In summary, while the essay presents a relevant argument, it falls short in both the variety of grammatical structures and the accuracy of grammar and punctuation. By diversifying sentence structures and improving grammatical precision, the writer can work towards achieving a higher band score in future essays.
Bài sửa mẫu
It is a fact that some parents treat their children excessively indulgently and grant them unlimited demands. This essay will analyze this trend, which can exert a detrimental influence on children and affect them when they grow up.
There are many reasons why it is adverse for children who are treated like royalty; one of which is that children might develop an overreliance on their parents.

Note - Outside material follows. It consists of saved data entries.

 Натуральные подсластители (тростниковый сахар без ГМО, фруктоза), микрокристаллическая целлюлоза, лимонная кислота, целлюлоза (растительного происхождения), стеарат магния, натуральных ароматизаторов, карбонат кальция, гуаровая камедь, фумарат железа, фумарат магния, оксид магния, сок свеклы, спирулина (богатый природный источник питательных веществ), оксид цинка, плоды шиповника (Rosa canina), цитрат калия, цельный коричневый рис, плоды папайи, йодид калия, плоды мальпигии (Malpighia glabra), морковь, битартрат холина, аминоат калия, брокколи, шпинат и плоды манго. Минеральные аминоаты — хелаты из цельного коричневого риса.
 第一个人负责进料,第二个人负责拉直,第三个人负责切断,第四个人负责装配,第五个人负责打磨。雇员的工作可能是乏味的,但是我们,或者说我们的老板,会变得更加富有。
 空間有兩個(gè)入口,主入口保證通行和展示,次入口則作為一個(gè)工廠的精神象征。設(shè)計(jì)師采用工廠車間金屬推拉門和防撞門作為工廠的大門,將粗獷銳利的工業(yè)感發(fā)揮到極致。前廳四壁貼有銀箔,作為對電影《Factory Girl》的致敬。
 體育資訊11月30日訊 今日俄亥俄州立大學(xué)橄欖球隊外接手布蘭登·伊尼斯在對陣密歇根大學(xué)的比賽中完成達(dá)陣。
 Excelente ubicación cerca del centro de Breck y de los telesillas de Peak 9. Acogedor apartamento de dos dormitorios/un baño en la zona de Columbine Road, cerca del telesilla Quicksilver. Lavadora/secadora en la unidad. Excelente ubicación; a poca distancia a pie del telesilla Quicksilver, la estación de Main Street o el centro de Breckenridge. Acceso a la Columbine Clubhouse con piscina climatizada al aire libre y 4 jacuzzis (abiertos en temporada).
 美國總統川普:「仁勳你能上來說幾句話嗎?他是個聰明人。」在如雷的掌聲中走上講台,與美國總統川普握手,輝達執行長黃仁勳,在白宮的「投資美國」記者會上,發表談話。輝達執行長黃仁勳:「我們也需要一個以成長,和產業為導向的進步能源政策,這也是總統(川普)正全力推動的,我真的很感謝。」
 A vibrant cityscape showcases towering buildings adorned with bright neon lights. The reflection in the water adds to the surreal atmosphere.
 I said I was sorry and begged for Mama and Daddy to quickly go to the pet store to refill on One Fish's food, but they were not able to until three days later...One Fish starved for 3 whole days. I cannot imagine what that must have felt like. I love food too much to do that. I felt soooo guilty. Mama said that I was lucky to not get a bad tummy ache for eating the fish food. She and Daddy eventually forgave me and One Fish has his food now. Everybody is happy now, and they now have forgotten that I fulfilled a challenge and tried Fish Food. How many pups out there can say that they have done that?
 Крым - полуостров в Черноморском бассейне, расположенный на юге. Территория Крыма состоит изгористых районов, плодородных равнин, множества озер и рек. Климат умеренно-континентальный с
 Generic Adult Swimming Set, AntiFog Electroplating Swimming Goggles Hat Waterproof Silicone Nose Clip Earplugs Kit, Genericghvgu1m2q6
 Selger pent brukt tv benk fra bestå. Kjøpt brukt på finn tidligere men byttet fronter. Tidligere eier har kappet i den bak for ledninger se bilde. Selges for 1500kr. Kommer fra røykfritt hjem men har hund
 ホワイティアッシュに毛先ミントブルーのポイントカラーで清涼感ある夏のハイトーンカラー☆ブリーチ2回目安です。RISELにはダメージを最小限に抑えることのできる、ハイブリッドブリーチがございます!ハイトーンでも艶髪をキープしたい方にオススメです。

Accommodating children’s requests may lead them to believe that they can have anything just by asking their parents, increasing their pride and developing habits that negatively affect others. For example, acquiring any toys they desire can transform them into individuals who bully their peers for their possessions. Overreliance can also be detrimental for children, as they may become lethargic in their work. Consider homework as an example: if parents consistently complete their children’s chores, kids may think that most chores will be done for them, leading them to believe they do not have to take responsibility.
The consequences for children when they grow up can be severe. First of all, they may become unemployed because all of their tasks were completed by their parents, resulting in their lack of experience to perform their duties, which can lead to joblessness. Furthermore, their health might be at risk if they cannot care for themselves. For instance, some individuals often face poor health conditions because they do not clean their homes, a task that was managed by their parents when they were young.
In conclusion, if parents treat their children excessively indulgently, it may have adverse effects on their mental well-being and overall development.